O presidente da companhia, José Sérgio Gabrielli, argumenta que a Petrobras deve ter, no mínimo, 30% de participação, para que o negócio seja economicamente viável. O governo, por sua vez, não quer estabelecer um percentual fixo, fazendo com que a participação da companhia varie em cada campo licitado.
"Alguns juristas afirmam que para a Petrobras ganhar a operação dos campos sem licitação, seria necessário mudar o primeiro parágrafo do artigo 61 da lei do petróleo e também o primeiro parágrafo do artigo 73 da Constituição, que trata das empresas de economia mista", explica Pires. "O governo quer fazer uma licitação para convencer as petroleiras estrangeiras a ser uma espécie de parceira financeira nos campos. Elas vão receber em óleo, mas sem operar o campo. Isso diminuiria o interesse das empresas", completa.
Petrobras/Divulgação |
Lula e Gabrielli na primeira extração |
Walter de Vitto, da Tendências, defende que o governo deve concentrar a maior parcela do petróleo, mas acredita que a Petrobras não deve ser privilegiada.

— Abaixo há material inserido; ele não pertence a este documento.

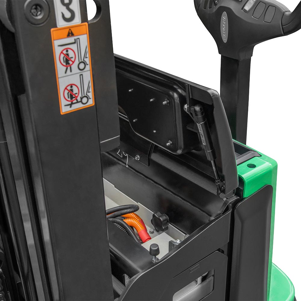 Turning speed is automatically reduced when steering (Stand-on & rider model). With three braking types: releasing brake, reversing brake and emergency brake, the driving safety has been ensured. The applied slope anti-slip function ensures the safety of the operation.

"Uma coisa é o governo, como nação, ficar com a parcela maior do petróleo e outra coisa é criar vantagens para a Petrobras, que é uma empresa que o governo controla, mas que tem muitos investidores privados, inclusive estrangeiros. A Petrobras deve ser tratada como empresa privada e concorrer pelos blocos como qualquer outra empresa."
Visão diferente tem Roberto Ardenghy, do IBP. "A Petrobras é a maior empresa brasileira. Tem uma história enorme e bem sucedida no setor. É a líder mundial em pesquisas em águas profundas. A participação dela é uma coisa crucial. Como isso vai ficar, é uma decisão do governo. Mas vemos com naturalidade a participação da Petrobras."
Nova estatal
Com o propósito de não conceder "super-poderes" à Petrobras e não dar à iniciativa privada um bem nacional, o governo criará uma nova estatal para administrar os campos do pré-sal, seguindo o modelo adotado pela Noruega (que tem servido de base para os estudos da comissão interministerial).
"O modelo que o governo pretende adotar não tem nenhum problema. Temos países como a Noruega, onde tem uma estatal para o petróleo. A existência de uma estatal para fazer o gerenciamento é absolutamente natural", defende Adernghy.
Para Adriano Pires, a Petrosal é desnecessária. "Isso só vai aumentar o custo no Brasil. A tendência é que estatal vire cabide de emprego por aqui. Nós já temos a Petrobras, será que precisamos de outra? Mas isso deve ser aprovado facilmente, porque não conheço partido político que não goste de ter estatal", conclui.